On November 12, 2019, CNB Financial Corporation (the “Corporation”) entered into an At Market Issuance Sales Agreement (the “Sales Agreement”) with Keefe, Bruyette & Woods, Inc. (the “Sales Agent”), pursuant to which the Corporation may sell, from time to time, up to an aggregate gross sales price of $40,000,000 of its shares of common stock, no par value (the “Common Shares”), through the Sales Agent.
The Common Shares sold in the offering will be issued pursuant to a prospectus dated January 26, 2017, and a prospectus supplement filed with the Securities and Exchange Commission (the “SEC”) on November 12, 2019, in connection with one or more offerings of shares under the Corporation’s shelf registration statement on FormS-3 (No.333-215449) filed with the SEC on January 6, 2017 and declared effective by the SEC on January 26, 2017.

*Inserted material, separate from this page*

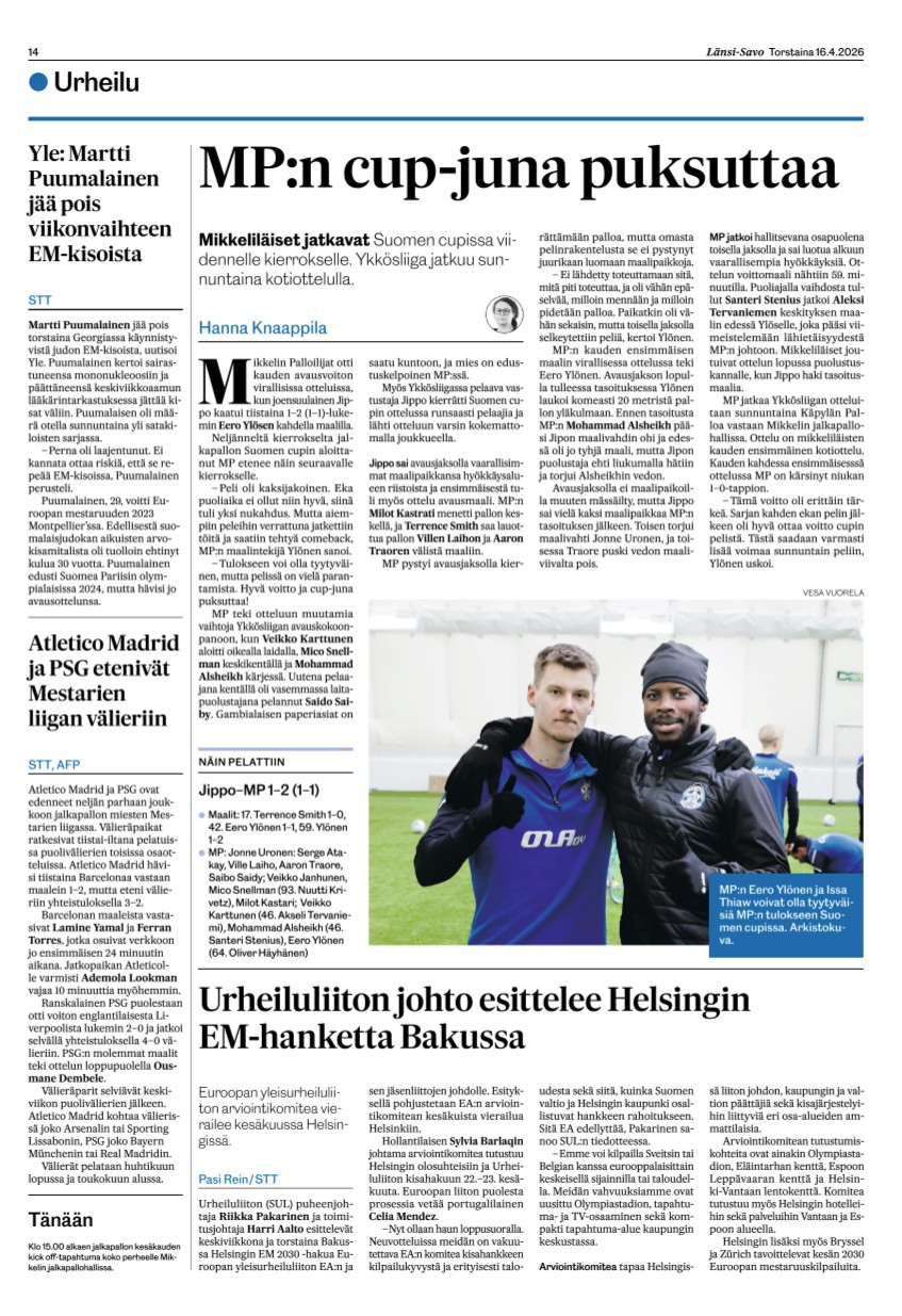 lansi.savo.fi 15.4.2026: Yle: Sairastuminen pitää Martti Puumalaisen poissa viikonvaihteen EM-kisoista | Urheilu | Länsi-Savo
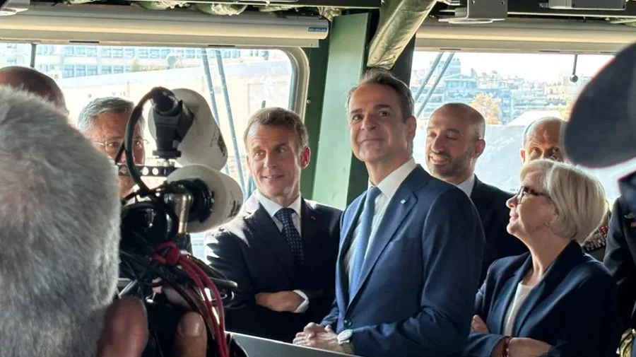 Grčki premijer i francuski predsjednik su u operativnoj sali dobili informacije od načelnika Generalštaba i komandanta flote o sposobnostima najsavremenijeg ratnog broda, najnaprednijeg u Mediteranu, a zatim su otišli na most Kimon.

Sales of the Common Shares made pursuant to the Sales Agreement, if any, may be sold by any method permitted by law deemed to be an “at the market” offering as defined in Rule 415 of the Securities Act of 1933, as amended (the “Securities Act”), including without limitation directly on the NASDAQ Global Select Market, on any other existing trading market for the Common Shares, to or through a market maker, or, if agreed by the Corporation and the Sales Agent, by any other method permitted by law, including but not limited to in privately negotiated transactions. Sales of Common Shares in the Offering may be made at market prices prevailing at the time of sale, at prices related to such prevailing market prices, or at negotiated prices, and will be subject to such other terms and conditions as agreed at the time of the sale. The Corporation intends to use the net proceeds from these sales, if any, for general corporate purposes, including, without limitation, future acquisitions and to support organic growth,
Under certain circumstances, the Corporation or the Sales Agent may suspend the sale of Common Shares under the Sales Agreement or terminate the Sales Agreement. The Sales Agreement will automatically terminate when the sale of Common Shares reaches an aggregate offering amount equal to $40,000,000, or sooner if either the Corporation or the Sales Agent terminates the Sales Agreement.
The Corporation will pay the Sales Agent a commission of up to 2.5% of the gross proceeds from the sale of Common Shares pursuant to the Sales Agreement.
The Sales Agreement contains customary representations, warranties and covenants between the parties. These representations, warranties and covenants are not factual information to investors about the Corporation. In addition, the Corporation has agreed to indemnify the Sales Agent against certain liabilities, including liabilities under the Securities Act. A copy of the Sales Agreement is filed as Exhibit 1.1 to this Current Report on Form8-K. The foregoing description of the Sales Agreement and the transactions contemplated by the Sales Agreement is qualified in its entirety by reference to Exhibit 1.1 to this Current Report on Form8-K, which is incorporated herein by reference.
On November 12, 2019, Hogan Lovells US LLP delivered its legality opinion with respect to the Common Shares to be issued pursuant to the Sales Agreement. A copy of the legality opinion is filed as Exhibit 5.1 to this Current Report on Form8-K.
This Current Report on Form8-K, including the exhibits filed herewith, shall not constitute an offer to sell or a solicitation of an offer to buy the Common Shares or any other securities of the Corporation, nor shall there by any offer, solicitation or sale of the Common Shares or any other securities of the Corporation in any state or jurisdiction in which such offer, solicitation or sale would be unlawful prior to registration or qualification under the securities laws of such state or jurisdiction.
Item 7.01. | Regulation FD Disclosure. |
On November 12, 2019, the Corporation issued a press release (the “Press Release”) announcing the commencement of theat-the-market public offering described above. A copy of the Press Release is attached hereto as Exhibit 99.1 and is incorporated herein by reference.